When I was sure I had lost her, the elevator hit bottom, the door opened, and the two of us tumbled out. We hit the floor of the lobby, somehow touching each other. I landed hard, she landed beside me, nearly beneath me, then she popped up and ran to me. We rolled on each other, all paws and hands. I grabbed her. She had a bit of blood on her neck where the clasp from the collar had dug in.

She jumped away from me and ran all over the lobby. When she noticed that I was crying, she came over and licked at my face, which is what she usually does if I’m crying, even if she’s the one who made me cry by being annoying or not peeing within a reasonable time frame at 11:00 pm on a freezing cold night.

After a moment, I ran her outside, thinking she needed fresh air.

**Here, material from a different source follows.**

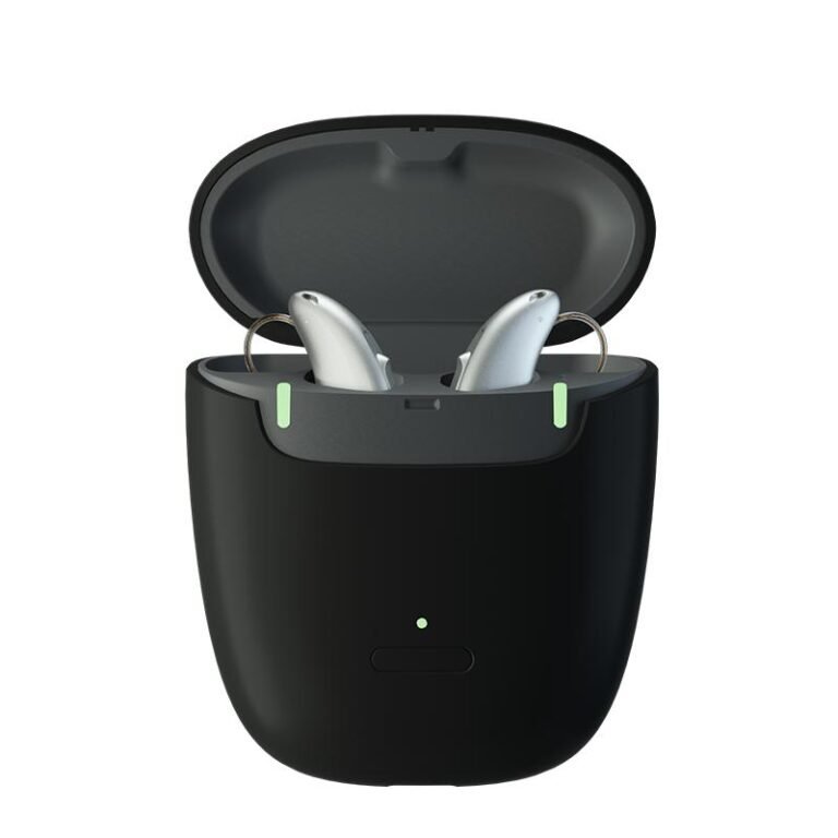Aparelho auditivo com bateria recarregável de longa duração, eliminando a necessidade de troca constante de pilhas.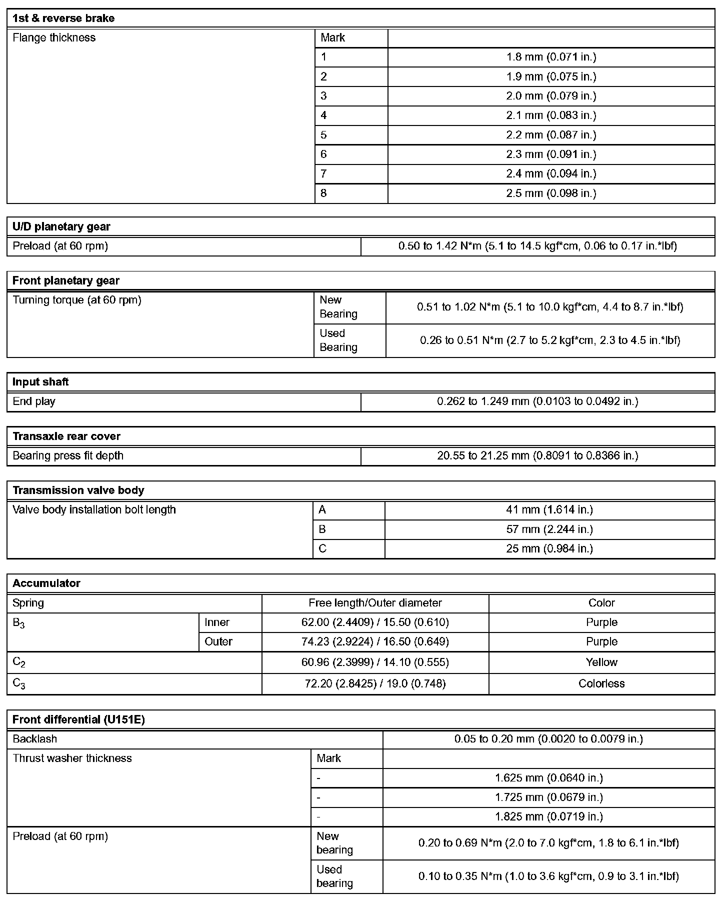 Automatic Transaxle - Service Data (Part 2):

My neighbor was on the garden wall. I tried to tell my neighbor what happened while Gracie crawled up on my shoulder, her parrot spot, her safe zone. She’s entirely too tall to fit up there, so it looks ridiculous. I could feel Grace’s heart racing against my neck as I rocked and kissed her through her little sweater (she hates sweaters).

I tried to move her to my lap so I could get a look at her, but she refused to come down off my shoulder, wriggling up higher whenever I tried to lower her. My neighbor was petting her, checking her legs and body for lumps and breaks.
– Gracie’s fine. She’s not hurt.

It began to seem that my neighbor might be right. I couldn’t see Grace’s face, but I could feel her, and she was alive. She was clinging to me for comfort, not knowing I’d been the problem. The leash was too high, too thick; I was too short, too weak. I was sore the next day, but she probably was, too. She was not crying anymore the next day, but I was.